A pico projector is a tiny projector. Some are so small you can hold them in the palm of your hand. They run on battery, and usually have a VGA or a HDMI port so you can hook up your phone or laptop directly to them. Some also have microUSB or microSD card slots so they can display pictures, and even certain types of videos, without the need for a computer. They usually have their own battery pack, and last for a few hours on a single charge.
What are they good for?
It’s very common to travel for business these days, whether it be to another building nearby, another city, or even another country completely. It may not always be possible to find a room with a projector if you have a presentation to do. Or perhaps you want to show your clients and colleagues something on your screen, or do a quick demonstration?
A pico projector is perfect for these situations, because you can simply pull it out from your handbag, pop it on a table and project onto a blank wall. It’s perfect for the travelling businesswoman, and can also be appropriated for personal use. You could display a movie from your tablet or laptop onto a hotel room wall, for example.
But there’s got to be a downside, right?
Yes. There are always trade-offs to be made. The lumens is the measure of brightness for a light source. Typical full-size projectors, such as those used in home theatres, start at about 1,000 lumens, and can go as high as 6,000 lumens for those used in large, professional spaces. Somewhere with a lot of ambient light will need a projector with a brightness of at least 4,000 lumens.
Pico projectors top out at about 100 lumens. This means they’re only usable in a darkened environment with fully controlled lighting. The display won’t be as bright and crisp as what you’d get from a full-size projector—and forget about taking it into anywhere with ambient light.
What other differences are there?
The biggest difference, of course, is the price point. The cheapest pico projectors can start at anywhere around $50, and go all the way up to a few hundred dollars for the ones with higher lumens and more features. A decent home theatre projector, however, starts in the $600 range and can go all the way into the tens of thousands.
Many pico projectors run off battery, as opposed to traditional ones that always need to be plugged in. This means that you don’t even need to be in a place with a powerpoint in order to use it.

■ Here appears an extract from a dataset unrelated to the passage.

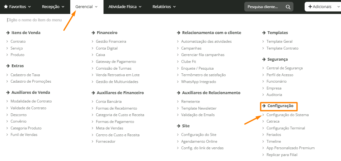 1. Após a confirmação de ativação, acesse Gerencial > Configuração > Configuração do sistema: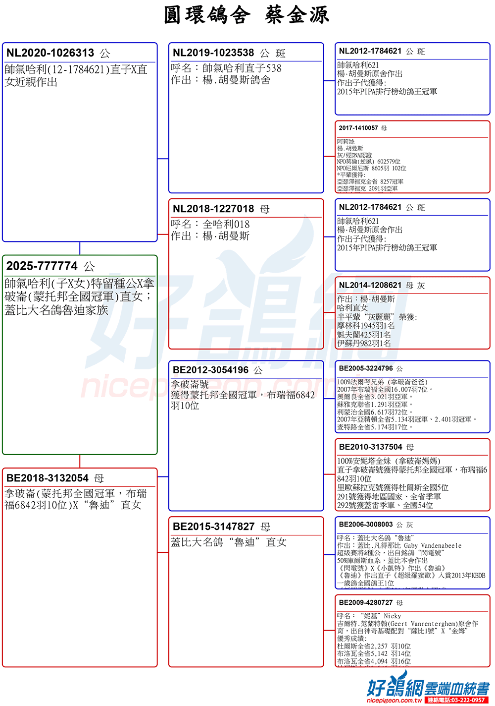 帥氣哈利(子X女)特留種公X拿破崙(蒙托邦全國冠軍)直女;蓋比大名鴿魯迪家族

Pico projectors also use LEDs as the light source, which usually have a life of around 15,000 hours—much longer than you’d ever use one in a lifetime. So unlike traditional projectors, there will never be any need to replace lamps.
However, where traditional projectors have many options for tweaking the picture so it displays just how you want it, pico projectors are very limited in this regard. There’s generally only a few basic settings. So if you’re thinking of using it to display artwork or any kind of presentation where faithful colour reproduction and a perfect picture is crucial, pico projectors are not the way to go.
The real short of it
Pico projectors are an emerging technology that’s great for businesswomen (and men!) on the go. They’re small enough to be tossed into a handbag, and can be used anywhere with a blank wall and no ambient light.
They’re recommended for women who are always travelling and doing presentations in different locations that may not have powerpoints or traditional projectors. Best of all, they’re relatively cheap.
So tell us, what do you think of these new gadgets? Is it something that you think you’d use?